I am sorry, but what you call assumptive is not either assumptive or
reasoning but a description of historical definitions based on several years
of reading--far too much to summarize here. Also, what is described in
"Hysteria" is in fact a description that would fit then current views of one
manifestation of "hysteria." I will have to refer you to an article I am doing
when it comes out. I have traced Eliot's own reading on the subject also
from at least graduate school through his writings. I am not making
absurd off-the-cuff comments. It was a great deal of pre-Freudian
Freud was not the dominant figure up until 1920 that he now seems to be.

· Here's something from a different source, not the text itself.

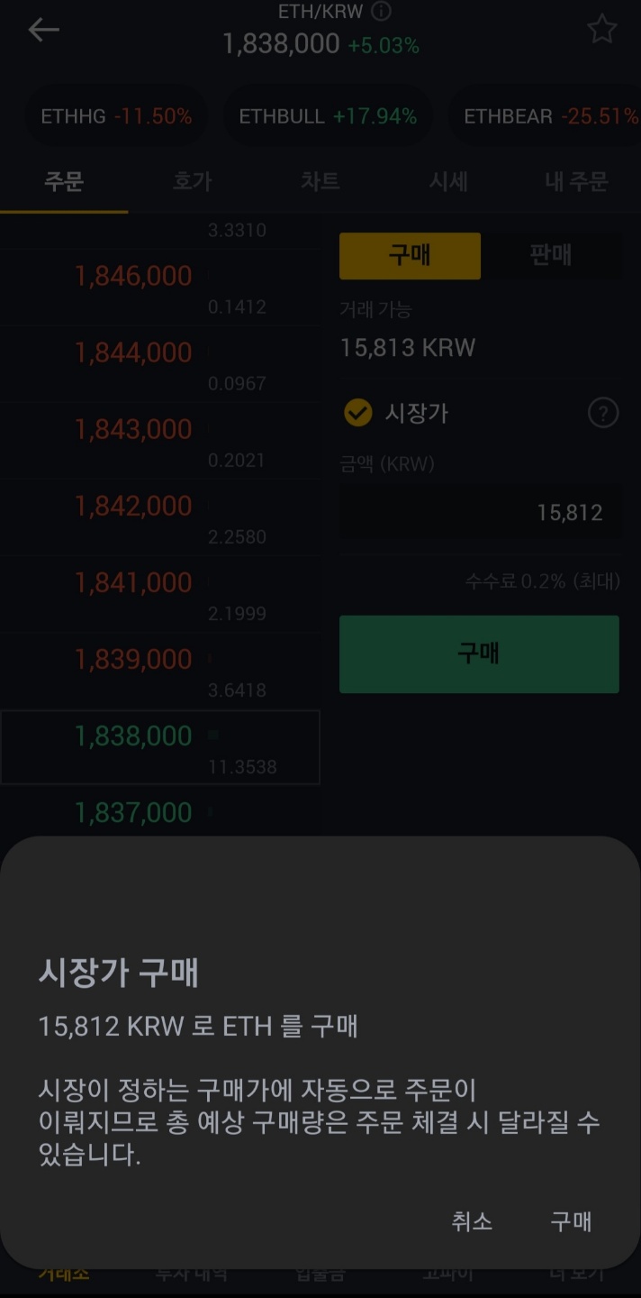 시장가로 매수를 하였기 때문에 바로 체결이 되었다는 알림이 상단에 뜬 걸 확인할 수 있습니다.

He was in fact one of three key theorists of hysteria according to a major
medical journal in 1910. The others were Janet and Babinski. It was not
Freud who mainly figures in Eliot's own comments. But if I keep up this
line I will not need to write the article. I have given this much of it as a
paper however. I would note that in some writing at the time
"uncontrollable laughter" was a "hysterical" symptom, but the man in
"Hysteria" could also be described as an "hysteric." I don't care if you
agree or not, but I am not speculating or writing from a lack of reading. It
would clearly have been foolish to make such comments just on a wild
reading of the poems. Simply informing me I am wrong implies I have not
done the work, and I have.
Date sent: Sun, 29 Sep 2002 12:59:00 +0100
Send reply to: "T. S. Eliot Discussion forum." <[log in to unmask]>
From: Jennifer Formichelli <[log in to unmask]>
Subject: Re: Using biography/Reply to Nancy
To: [log in to unmask]
I have to take direct issue with this. Two points. First. You write:
it matters first because it is a directly biographical line that he put in
> the poem despite his claim that poetry was not about the person.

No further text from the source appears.